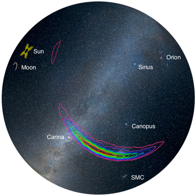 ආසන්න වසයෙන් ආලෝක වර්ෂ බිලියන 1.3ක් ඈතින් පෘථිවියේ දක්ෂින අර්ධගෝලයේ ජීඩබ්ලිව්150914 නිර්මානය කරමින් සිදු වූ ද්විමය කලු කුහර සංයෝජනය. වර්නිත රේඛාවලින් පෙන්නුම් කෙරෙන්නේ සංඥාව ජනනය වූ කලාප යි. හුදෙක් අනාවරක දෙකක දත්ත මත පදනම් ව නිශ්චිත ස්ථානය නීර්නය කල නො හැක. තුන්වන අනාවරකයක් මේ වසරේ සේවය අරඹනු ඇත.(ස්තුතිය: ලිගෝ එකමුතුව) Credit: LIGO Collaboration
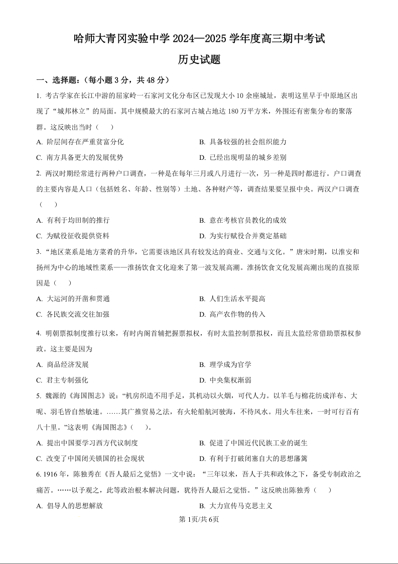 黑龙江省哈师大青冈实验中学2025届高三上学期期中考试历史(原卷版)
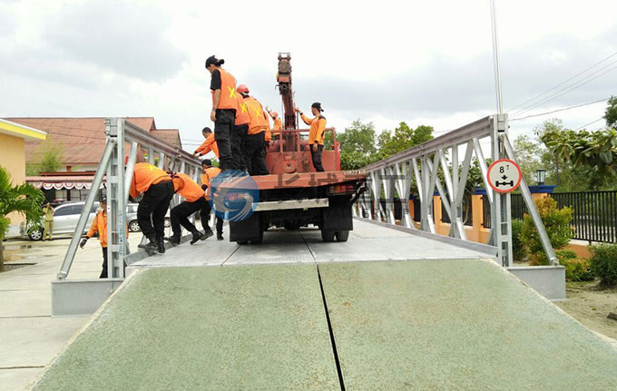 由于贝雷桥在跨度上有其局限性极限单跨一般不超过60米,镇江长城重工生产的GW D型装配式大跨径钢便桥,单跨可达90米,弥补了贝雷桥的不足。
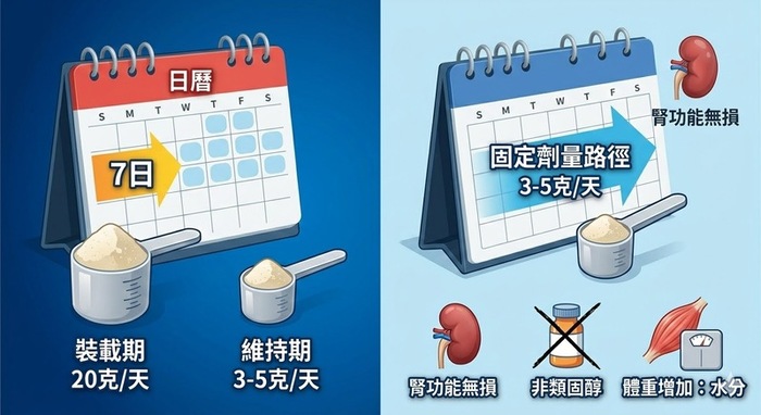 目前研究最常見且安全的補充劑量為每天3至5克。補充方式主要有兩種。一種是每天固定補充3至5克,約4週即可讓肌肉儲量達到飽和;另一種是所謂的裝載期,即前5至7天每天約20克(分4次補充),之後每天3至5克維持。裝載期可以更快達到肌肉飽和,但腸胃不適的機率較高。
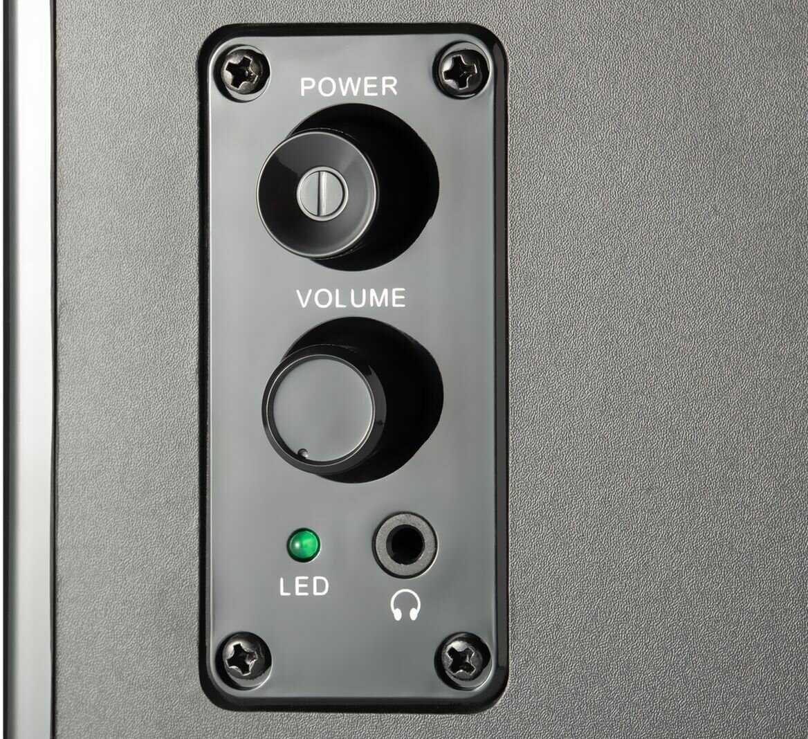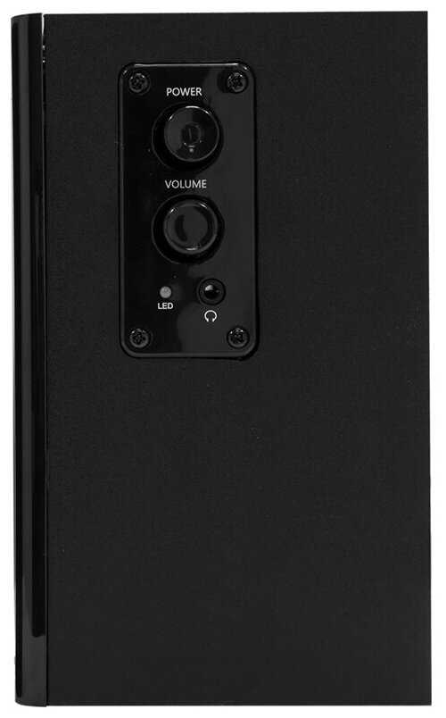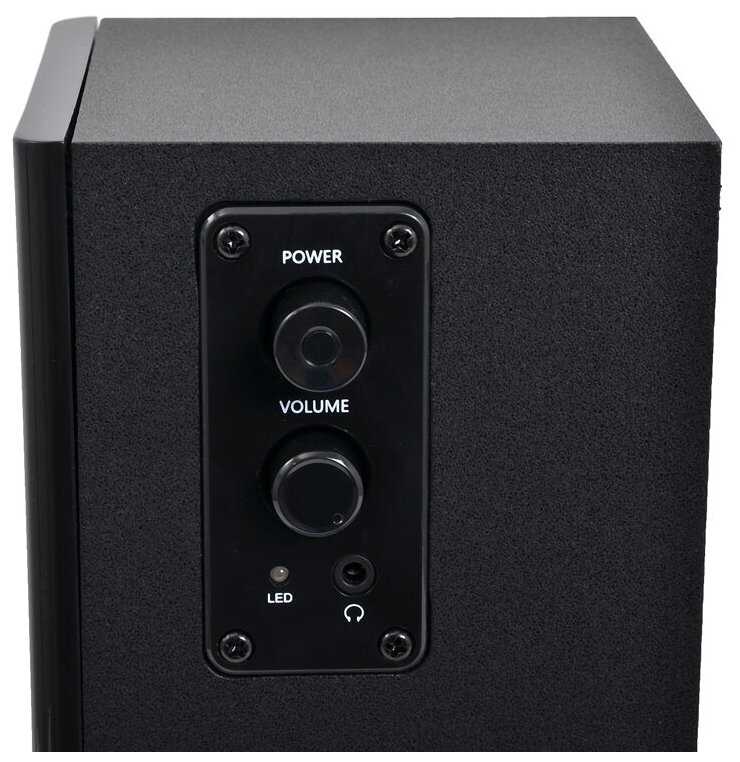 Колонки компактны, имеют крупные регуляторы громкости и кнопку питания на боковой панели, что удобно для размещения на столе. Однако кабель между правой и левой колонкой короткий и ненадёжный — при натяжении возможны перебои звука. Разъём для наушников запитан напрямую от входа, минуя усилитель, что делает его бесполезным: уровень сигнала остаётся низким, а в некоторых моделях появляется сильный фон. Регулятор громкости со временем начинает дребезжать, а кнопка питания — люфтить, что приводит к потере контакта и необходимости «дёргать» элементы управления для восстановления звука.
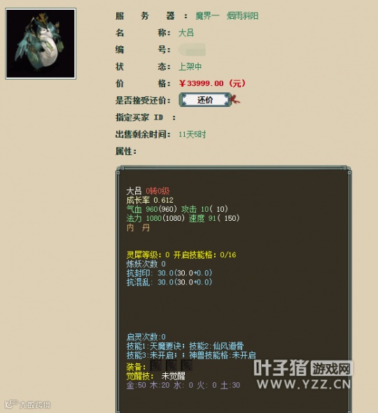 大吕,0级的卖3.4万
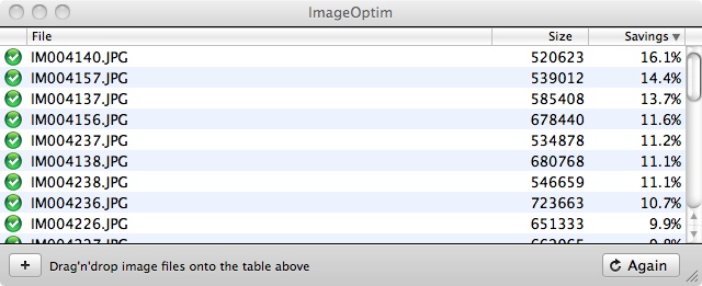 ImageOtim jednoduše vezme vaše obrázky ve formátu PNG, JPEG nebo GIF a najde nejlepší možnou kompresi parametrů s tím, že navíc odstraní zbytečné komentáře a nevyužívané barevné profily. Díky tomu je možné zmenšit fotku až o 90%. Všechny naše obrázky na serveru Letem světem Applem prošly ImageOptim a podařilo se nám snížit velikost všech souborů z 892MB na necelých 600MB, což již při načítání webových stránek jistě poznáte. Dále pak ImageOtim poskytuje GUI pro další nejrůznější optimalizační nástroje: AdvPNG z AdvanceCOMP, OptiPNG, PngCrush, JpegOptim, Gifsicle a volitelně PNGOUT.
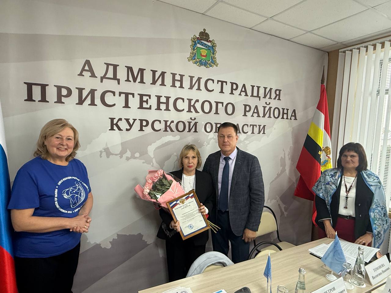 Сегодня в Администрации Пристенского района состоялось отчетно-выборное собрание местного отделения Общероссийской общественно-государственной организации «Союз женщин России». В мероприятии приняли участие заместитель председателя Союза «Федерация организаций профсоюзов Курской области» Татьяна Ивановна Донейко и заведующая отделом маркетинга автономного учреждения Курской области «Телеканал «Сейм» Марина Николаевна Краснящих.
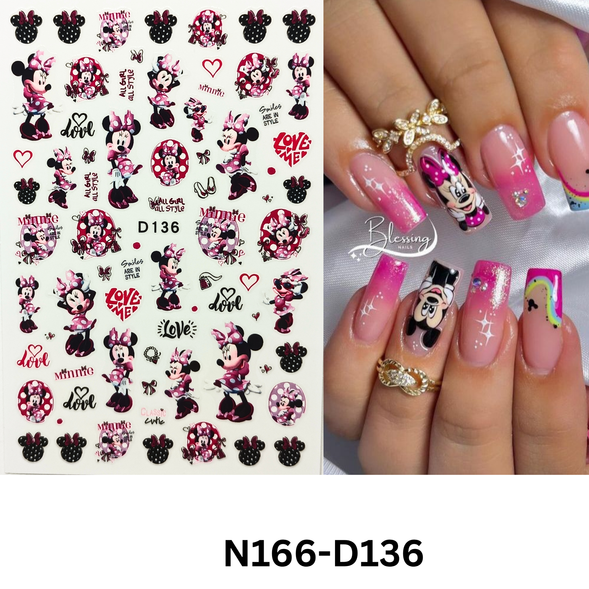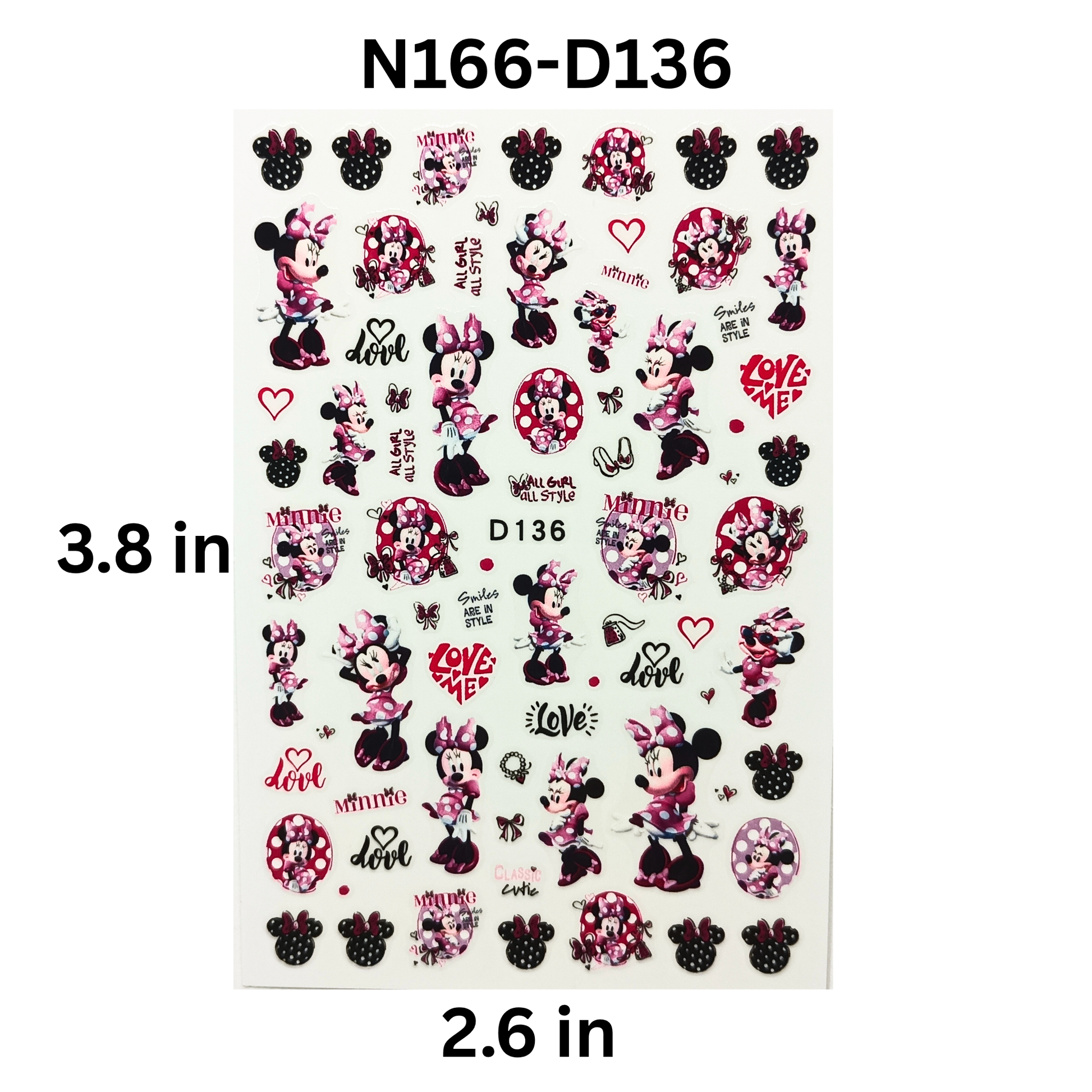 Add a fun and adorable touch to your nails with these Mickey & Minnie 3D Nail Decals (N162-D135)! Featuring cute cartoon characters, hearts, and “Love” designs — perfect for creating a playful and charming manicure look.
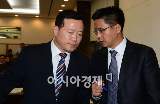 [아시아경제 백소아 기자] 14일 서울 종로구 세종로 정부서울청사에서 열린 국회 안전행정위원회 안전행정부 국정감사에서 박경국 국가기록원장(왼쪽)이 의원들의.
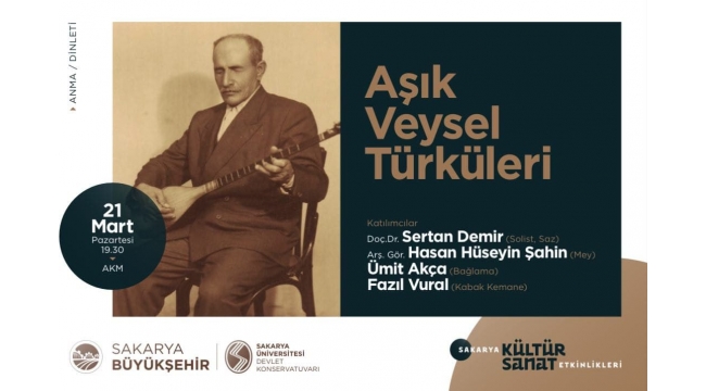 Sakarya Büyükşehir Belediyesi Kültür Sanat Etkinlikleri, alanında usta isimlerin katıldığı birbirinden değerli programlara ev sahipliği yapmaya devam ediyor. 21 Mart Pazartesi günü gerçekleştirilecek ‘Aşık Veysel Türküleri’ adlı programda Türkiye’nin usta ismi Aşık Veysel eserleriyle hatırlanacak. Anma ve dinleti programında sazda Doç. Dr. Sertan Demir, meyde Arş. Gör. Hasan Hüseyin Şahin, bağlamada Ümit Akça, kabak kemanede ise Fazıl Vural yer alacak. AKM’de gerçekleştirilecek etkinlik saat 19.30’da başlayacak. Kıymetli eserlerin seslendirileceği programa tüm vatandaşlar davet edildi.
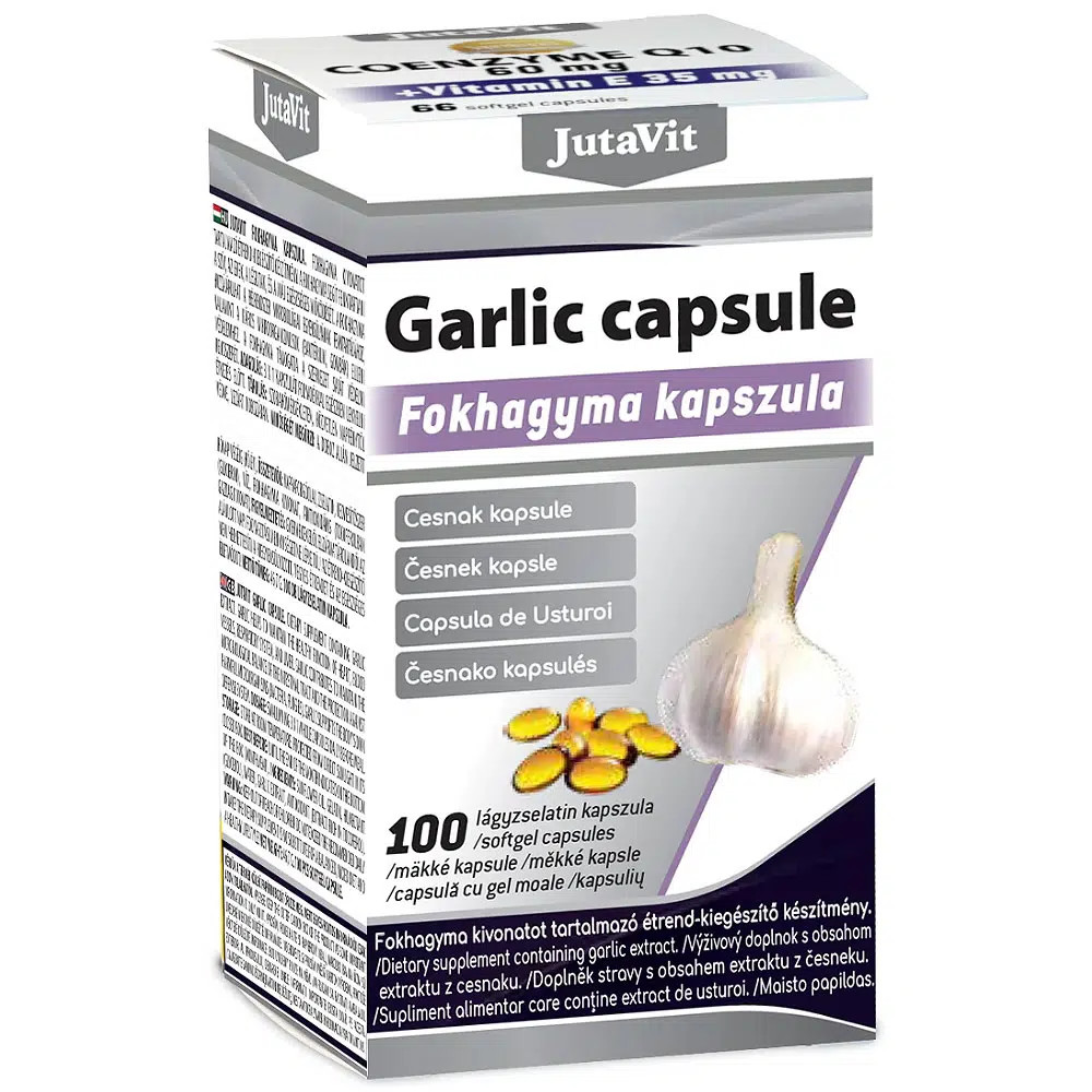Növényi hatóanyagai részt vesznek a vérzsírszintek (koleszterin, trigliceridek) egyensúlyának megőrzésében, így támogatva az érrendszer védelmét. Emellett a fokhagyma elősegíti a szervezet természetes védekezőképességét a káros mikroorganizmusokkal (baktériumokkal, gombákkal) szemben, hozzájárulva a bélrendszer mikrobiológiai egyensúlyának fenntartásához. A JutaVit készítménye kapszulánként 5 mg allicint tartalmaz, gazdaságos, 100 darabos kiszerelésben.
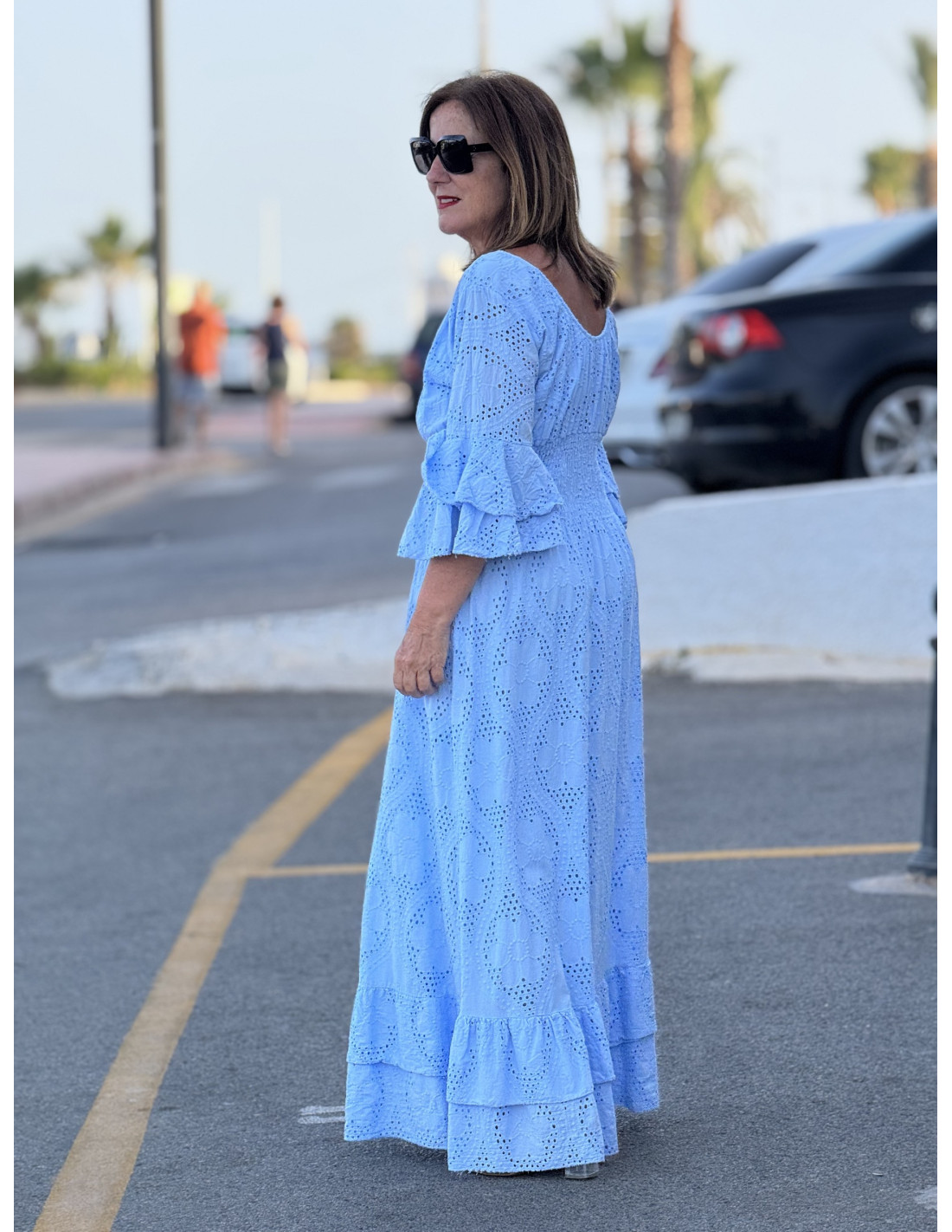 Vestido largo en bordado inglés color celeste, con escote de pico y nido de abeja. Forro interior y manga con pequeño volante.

PROBLEM
From the line that includes "Add a fun and" on down to the last line of the entries above, set down each line exactly, leaving out the pictures.

RESULT OF THIS EXERCISE
 Add a fun and adorable touch to your nails with these Mickey & Minnie 3D Nail Decals (N162-D135)! Featuring cute cartoon characters, hearts, and “Love” designs — perfect for creating a playful and charming manicure look.
 [아시아경제 백소아 기자] 14일 서울 종로구 세종로 정부서울청사에서 열린 국회 안전행정위원회 안전행정부 국정감사에서 박경국 국가기록원장(왼쪽)이 의원들의.
 Sakarya Büyükşehir Belediyesi Kültür Sanat Etkinlikleri, alanında usta isimlerin katıldığı birbirinden değerli programlara ev sahipliği yapmaya devam ediyor. 21 Mart Pazartesi günü gerçekleştirilecek ‘Aşık Veysel Türküleri’ adlı programda Türkiye’nin usta ismi Aşık Veysel eserleriyle hatırlanacak. Anma ve dinleti programında sazda Doç. Dr. Sertan Demir, meyde Arş. Gör. Hasan Hüseyin Şahin, bağlamada Ümit Akça, kabak kemanede ise Fazıl Vural yer alacak. AKM’de gerçekleştirilecek etkinlik saat 19.30’da başlayacak. Kıymetli eserlerin seslendirileceği programa tüm vatandaşlar davet edildi.
Növényi hatóanyagai részt vesznek a vérzsírszintek (koleszterin, trigliceridek) egyensúlyának megőrzésében, így támogatva az érrendszer védelmét. Emellett a fokhagyma elősegíti a szervezet természetes védekezőképességét a káros mikroorganizmusokkal (baktériumokkal, gombákkal) szemben, hozzájárulva a bélrendszer mikrobiológiai egyensúlyának fenntartásához. A JutaVit készítménye kapszulánként 5 mg allicint tartalmaz, gazdaságos, 100 darabos kiszerelésben.
 Vestido largo en bordado inglés color celeste, con escote de pico y nido de abeja. Forro interior y manga con pequeño volante.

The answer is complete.